Section 523(a)(4) excepts from discharge “... any debt ... for fraud or defalcation while acting in a fiduciary capacity, embezzlement or larceny.” It has previously been held in this Circuit that the express statutory trust created by Article 3-A of the New York Lien Law creates the type of fiduciary relationship contemplated within the § 523(a)(4) exception. In re Gould, 65 B.R. 87, 89 (Bkrtcy.N.D.N.Y.1986); In re Grosso, 9 B.R. 815, 820-21 (Bkrtcy.N.D.N.Y.1981); In re Kawczynski, 442 F.Supp. 413 (W.D.N.Y.1977) (construing almost identical section of the Bankruptcy Act, § 17(a)(4)); In re Morris Ketchum, Jr. and Associates, 409 F.Supp. 743 (S.D.N.Y.1975) (same).
This Court has previously held that a creditor of the debtor was not a beneficiary under the Article 3-A of the Lien Law and could not rely on Article 3-A of the lien law to have a debt held non-dischargeable because, based on the facts in that case, no trust was ever created. See In re Gould, 65 B.R. 87 (Bkrtcy.N.D.N.Y.1986). In this case, although a trust may have been created, Mrs. Peters is not a person for whom Mr.

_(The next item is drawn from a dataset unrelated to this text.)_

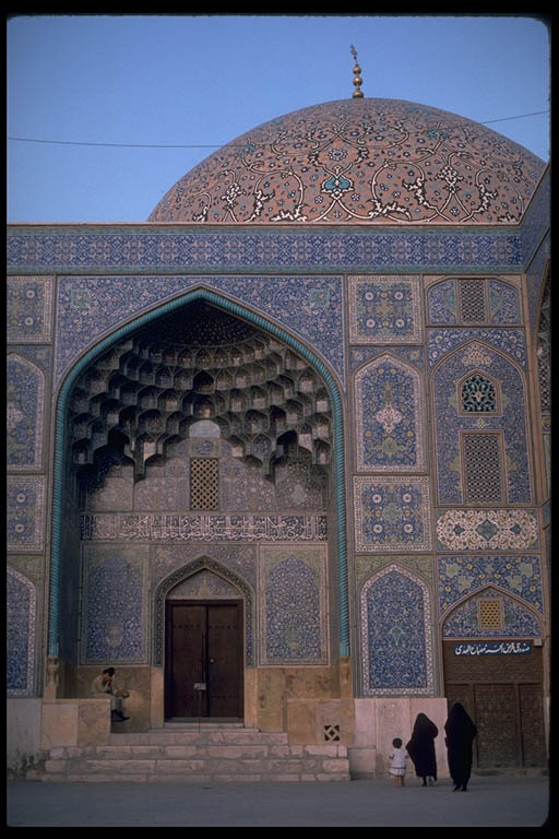The richly tiled portal of the Mosque topped with the off-axis golden tiled dome.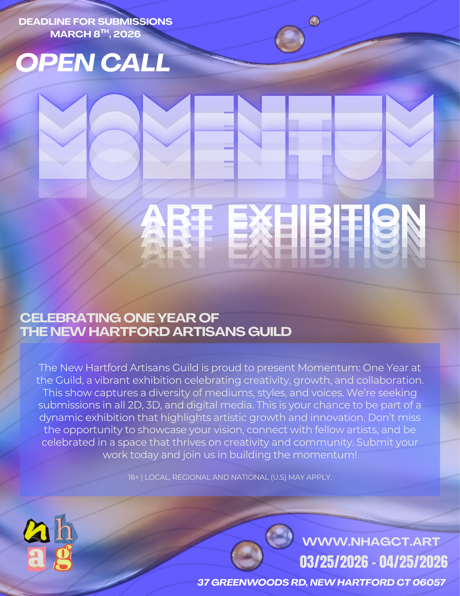 CURRENT EXHIBITIONS View fullsize UPCOMING EXHIBITIONS SUBMISSION FORM SUBMISSION PAYMENT LINK Prospectus for New Hartford Artisans Guild Exhibition Momentum PAST EXHIBITIONS

Griffin was required to hold funds in trust and act toward in a fiduciary capacity. “The advancement of sums to a contractor by a real property owner pursuant to the terms of a contract is not one of the expenditures enumerated in § 71 of the New York Lien Law.” In re Gould, 65 B.R. 87, 89 (Bkrtcy.N.D.N.Y.1986). No fiduciary obligation at the time of contracting ran from Mr. Griffin to Mrs. Peters. Therefore, Mrs. Peters can not rely on the Lien Law to show fraud or defalcation while acting in a fiduciary capacity which would uphold an exception to discharge under 11 U.S.C. 523(a)(4).
It has long been held that the discharge-ability provision of § 523(a)(4) as well as the term “fiduciary” within that section must be construed narrowly to protect the “... fundamental policy of assuring a debt- or’s fresh start.” In re Catalano, 98 B.R. 168 (Bkrtcy.W.D.N.Y.1989). Within this frame work, it would be incorrect to expand the New York Lien Law to provide a fiduciary duty running from Mr. Griffin to Mrs. Peters. The debt is dischargeable. It is so Ordered.